Penn Arts & Sciences Logo

Tuesday, May 1, 2007 - 4:30pm

Jason Cantarella

University of Georgia

Location

University of Pennsylvania

DRL 4C8

After the talk, there will be a dinner for speakers and participants at a local restaurant.

Toeplitz posed the following question in 1911: On every Jordan curve in R^2, are there four points which form a perfect square? In the intervening years, a string of authors have published proofs of various cases of the problem, leading to the results of W. Stromquist and H.B. Griffiths in the 1990's that inscribed squares exist on certain classes of Jordan curves which are somewhat more general than C^1 curves. We present a new approach to the problem which provides a collection of new results and new proofs of existing theorems, including a new proof of the square peg theorem itself.
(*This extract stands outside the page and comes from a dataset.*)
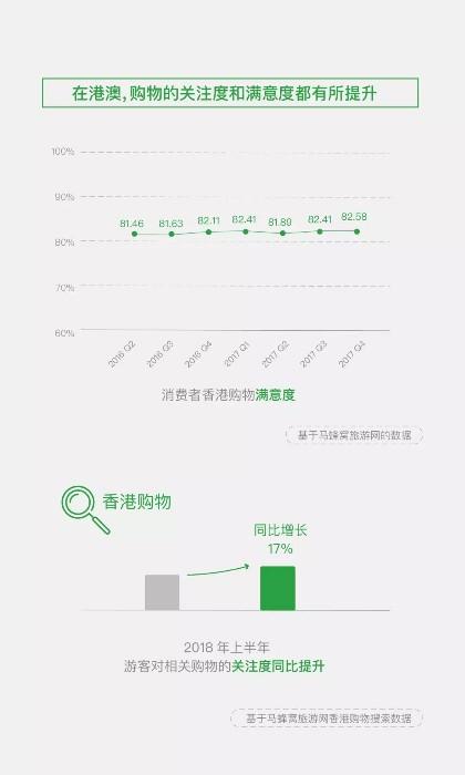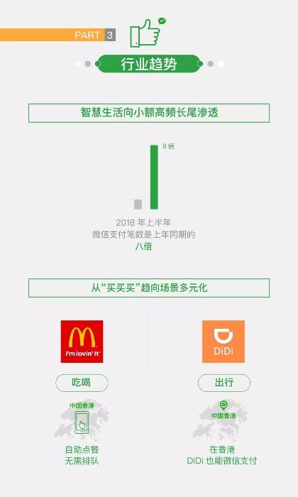 数据显示,2018年上半年,微信支付在港澳地区的支付笔数比去年同期增长了7倍。这意味着,微信支付不断深入大街小巷,向小额高频场景渗透的趋势显著。与此同时,在内地消费者对香港购物的满意度上,2017年第四季度同比上涨0.47个百分点。

Here is another example of our results: Given a point p on a closed C^1 curve C in a Riemannian manifold M and any n, there is an equilateral geodesic n-gon inscribed in C with a vertex at p. The key idea in the new approach is to rethink the problem in terms of intersection numbers and Dev Sinha's geometric reformulation of the compactified configuration spaces of Fulton-MacPherson. This talk represents joint work with Elizabeth Denne (Harvard) and John McCleary (Vassar College).